## Exercise instructions
Copy the records below in full, keeping each word as it is but omitting the pictures.

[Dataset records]
---

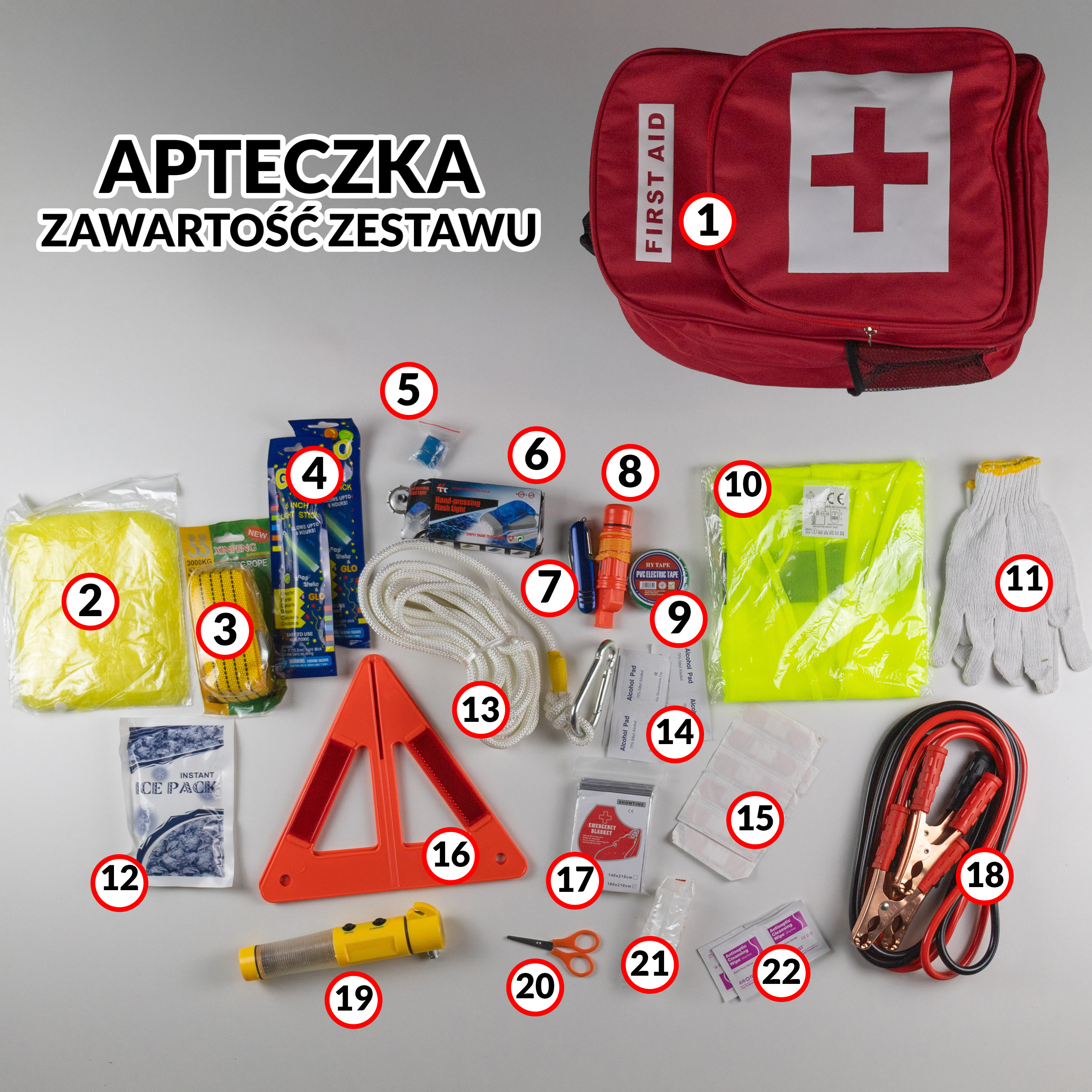 Samochodowy zestaw awaryjny "Apteczka Plus" to kompleksowe i niezawodne wyposażenie, które powinno znaleźć się w każdym pojeździe. Zaprojektowany z myślą o nagłych wypadkach, stłuczkach, awariach technicznych oraz konieczności udzielenia pierwszej pomocy, zestaw ten gwarantuje, że będziesz przygotowany na każdą nieprzewidzianą sytuację na drodze.
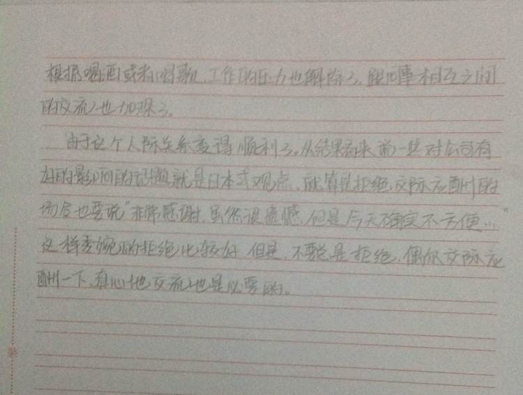 ② 外国人社员 ジョンソンさんは一年前にアメリカの电化制品の会社から、日本の今の会社に転职しました。今の仕事は前の仕事より给料が少し安いですが、やりがいがあって楽しいと言っています。日本の会社の休暇はジョンソンさんの国の会社よりずっと少ないですが、仕事がおもしろいから、ジョンソンさんは嫌だとは思っていません。経済に関心を持っているジョンソンさんは日本経済新闻を取っています。杰森先生在一年前从美国的电器公司转到了日本现在的公司。现在的工作虽然比以前的工作工资要稍微少一点,但是杰森先生却说因为值得而快乐。日本的公司的休假虽然比杰森先生的国家的公司休假要少得多,可是由于工作很有趣,所以杰森先生并不觉得讨厌。对经济一直很关心的杰森先生一直都拿日本经济报纸。(我自己看不下去了=。=)
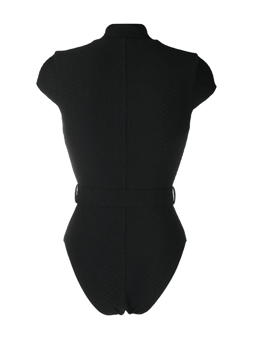 Slangenhuidprint, col, ritssluiting aan de voorzijde, gespsluiting aan de voorzijde, korte mouwen , stretch-fit en volledige voering. Wij verzoeken je om zwemkleding over je eigen ondergoed aan te passen..
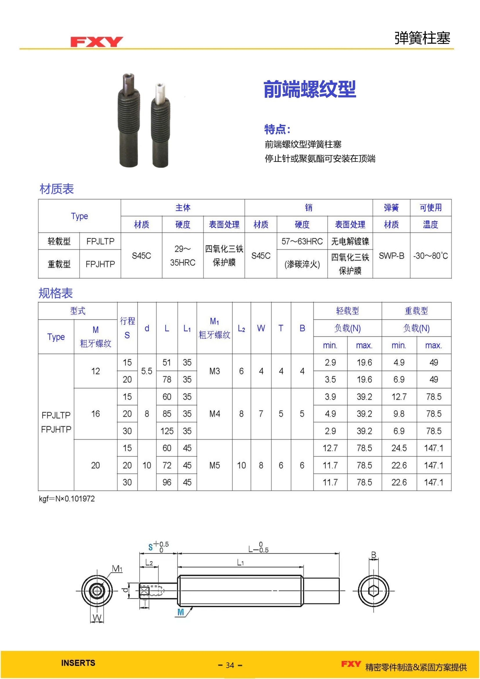 型号:前端螺纹型弹簧柱塞FPJLTP/FPJHTP 1、停止针或聚氨酯可安装在顶端
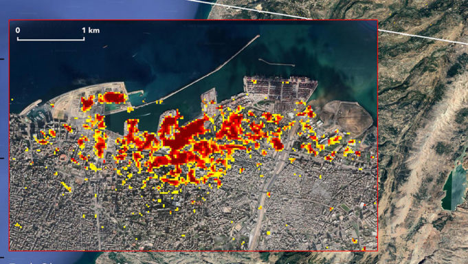 Χαρτογράφηση των καταστροφών που άφησαν πίσω τους οι πολύνεκρες εκρήξεις στη Βηρυτό προχώρησε η ομάδα Advanced Rapid Imaging and Analysis (ARIA) της NASA, χρησιμοποιώντας εικόνες από δορυφόρους σε μια προσπάθεια να προσδιορίσει την έκταση της ζημιάς που έχει προκληθεί.

---

## Reply to the exercise
 Samochodowy zestaw awaryjny "Apteczka Plus" to kompleksowe i niezawodne wyposażenie, które powinno znaleźć się w każdym pojeździe. Zaprojektowany z myślą o nagłych wypadkach, stłuczkach, awariach technicznych oraz konieczności udzielenia pierwszej pomocy, zestaw ten gwarantuje, że będziesz przygotowany na każdą nieprzewidzianą sytuację na drodze.
 ② 外国人社员 ジョンソンさんは一年前にアメリカの电化制品の会社から、日本の今の会社に転职しました。今の仕事は前の仕事より给料が少し安いですが、やりがいがあって楽しいと言っています。日本の会社の休暇はジョンソンさんの国の会社よりずっと少ないですが、仕事がおもしろいから、ジョンソンさんは嫌だとは思っていません。経済に関心を持っているジョンソンさんは日本経済新闻を取っています。杰森先生在一年前从美国的电器公司转到了日本现在的公司。现在的工作虽然比以前的工作工资要稍微少一点,但是杰森先生却说因为值得而快乐。日本的公司的休假虽然比杰森先生的国家的公司休假要少得多,可是由于工作很有趣,所以杰森先生并不觉得讨厌。对经济一直很关心的杰森先生一直都拿日本经济报纸。(我自己看不下去了=。=)
 Slangenhuidprint, col, ritssluiting aan de voorzijde, gespsluiting aan de voorzijde, korte mouwen , stretch-fit en volledige voering. Wij verzoeken je om zwemkleding over je eigen ondergoed aan te passen..
 型号:前端螺纹型弹簧柱塞FPJLTP/FPJHTP 1、停止针或聚氨酯可安装在顶端
 Χαρτογράφηση των καταστροφών που άφησαν πίσω τους οι πολύνεκρες εκρήξεις στη Βηρυτό προχώρησε η ομάδα Advanced Rapid Imaging and Analysis (ARIA) της NASA, χρησιμοποιώντας εικόνες από δορυφόρους σε μια προσπάθεια να προσδιορίσει την έκταση της ζημιάς που έχει προκληθεί.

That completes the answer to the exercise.